Умные и сильные машины свободно месили многопудовые горы теста, умные и раскаленные машины выдавали из своего нутра раскаленные батоны, умные и деловитые транспортеры везли загорелые буханки... Все гудело, шумело и двигалось. Сновали девушки в белых халатах и белых колпаках. Куда-то беспрерывно отлучался инспектор...

Но Рябинин все это воспринимал каким-то свободным краем мозга — остальное сознание заволокло запахом свежевыпеченного хлеба, который щемящей болью лег на сердце. Что с ним?

Память, возбужденная заветным запахом, вдруг соединила напрямую этот день с днями детства, словно меж ними ничего и не было...

Стакан свекольного чая. Порция песку, выданная в школе, воздушная, как порошок аспирина. И пятьдесят граммов хлеба, которые он крошил в чай и разминал ложкой. И молчаливая клятва: когда кончится война, когда он вырастет, то всю жизнь будет есть только вот такой хлебный супчик, потому что ничего вкуснее быть не может.

Боже, попасть на такой хлебозавод в войну... Попасть бы сюда матери — ведь одной буханки хватило бы сохранить ее жизнь.
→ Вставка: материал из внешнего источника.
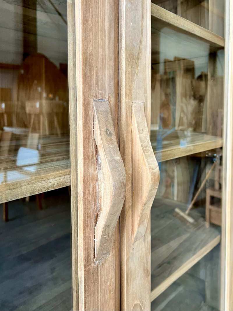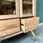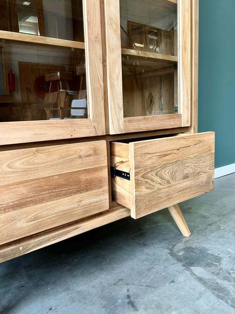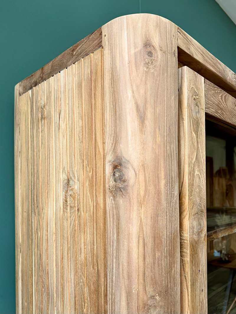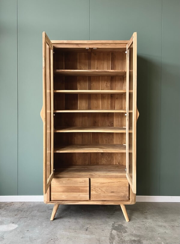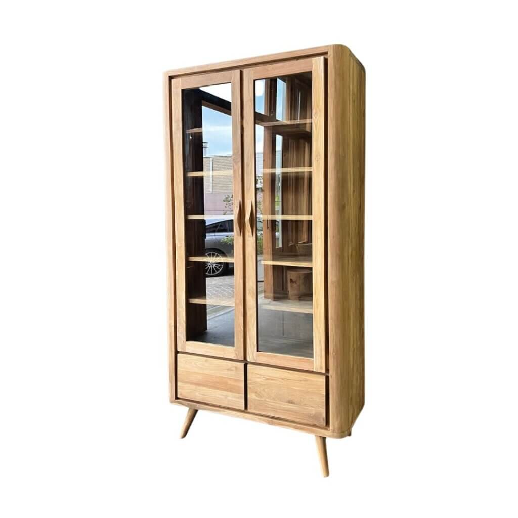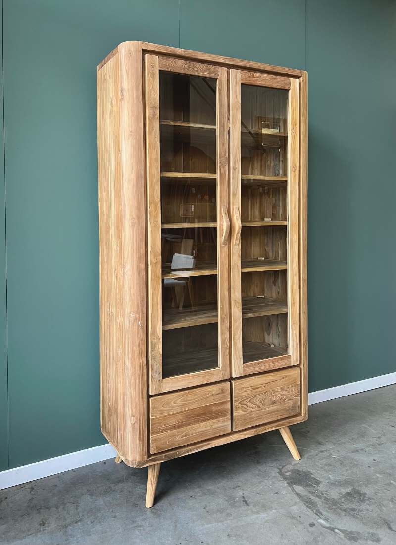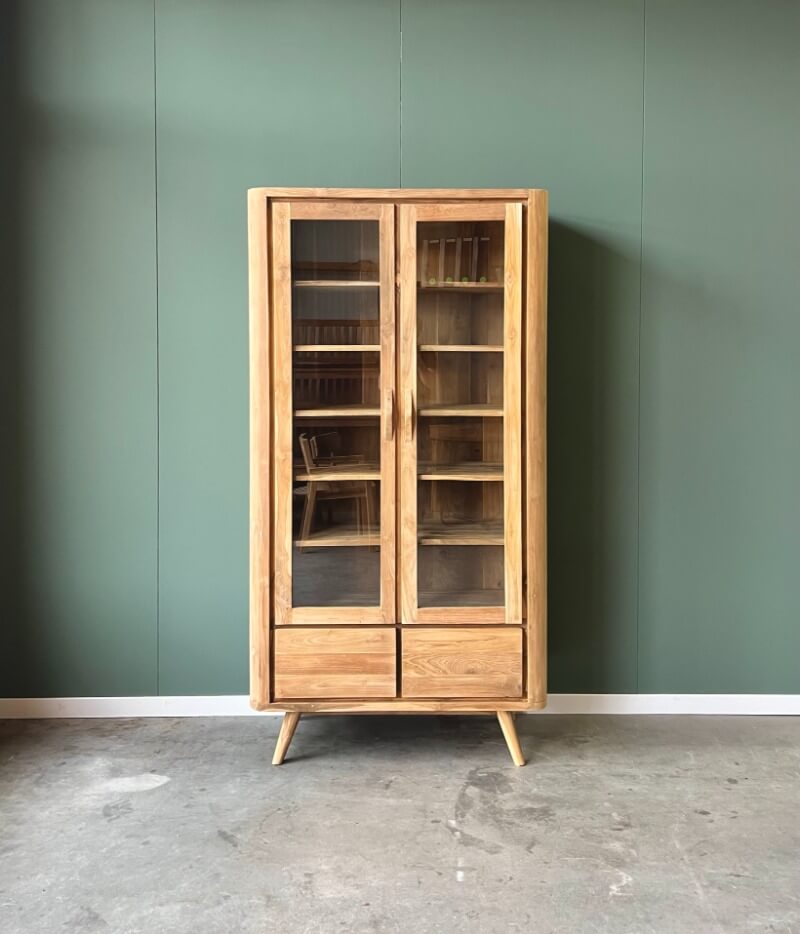 Deze retro vitrinekast gemaakt van gerecycled teakhout geeft een warme en natuurlijke uitstraling aan de ruimte, terwijl de retro poten voor een speels effect zorgen. De kast biedt genoeg ruimte om al je favoriete items tentoon te stellen. De planken liggen los en kunnen eventueel verwijderd worden om grotere items te plaatsen.
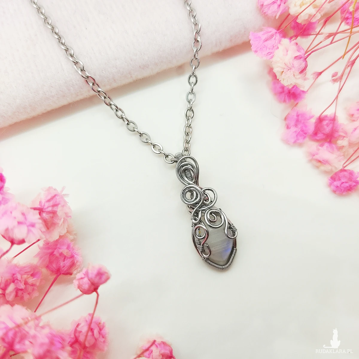 Naszyjnik Kamień Księżycowy ręcznie robiony. Wykonany techniką wire wrapping z drutów ze stali chirurgicznej.
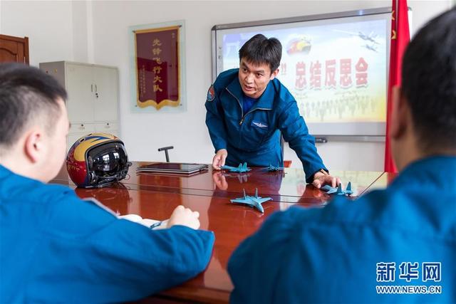 空軍航空兵某旅副參謀長姚凱(中)在大隊(duì)講評室給年輕飛行員講述對抗空戰(zhàn)比武中的經(jīng)驗(yàn)教訓(xùn)(2018年9月14日攝)。新華社發(fā)(張皓陽 攝)
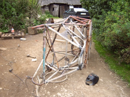 Tükk aega jälle mööda läinud, aga arenenud pole eriti palju. Seda tänu keevitusaparaadi ülesütlemisele. Nüüd aga aparaat korras ja saab jälle edasi teha. Kiskusin raami laiali, et lõpuni keevitada. Panen siis mõned pildid:
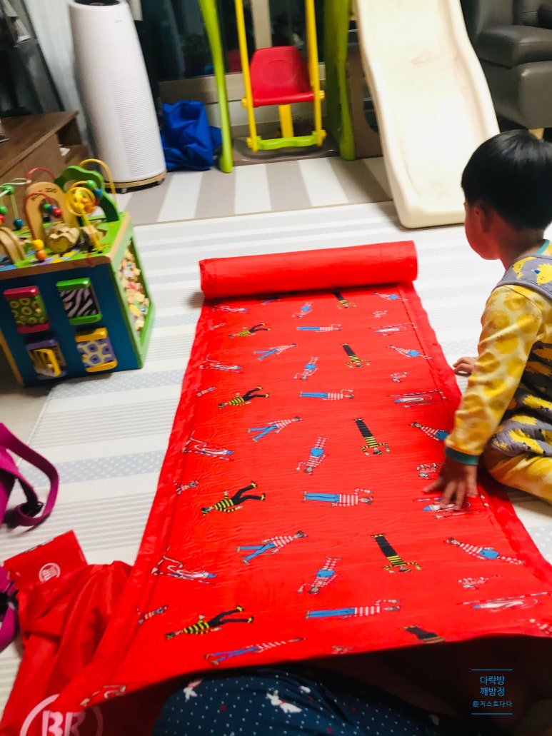 월리 패턴도 귀엽고 단돈 100원에 구입하다니! 이런 득템이 어딨나요 ㅎㅎ 크리스마스 1주일전, 동네에서 장보다가 배라 앞에 붙은 월리 캠핑에어매트를 보고 남편과 살짝 살까말까 망설였었죠..

Да и были ли в войну такие хлебозаводы?

— Неужели мы столько съедаем? — восхитился Петельников.

— Вадим, я вот кончил университет, прочел уйму книг, вроде бы знаю жизнь... Но после военного голода во мне сидит тайная мысль, что живем мы ради еды. Чтобы есть, есть и есть.

Но инспектор был тут, в настоящем:

— Сергей, ты ведь психолог... Сколько лет вон тому мужику?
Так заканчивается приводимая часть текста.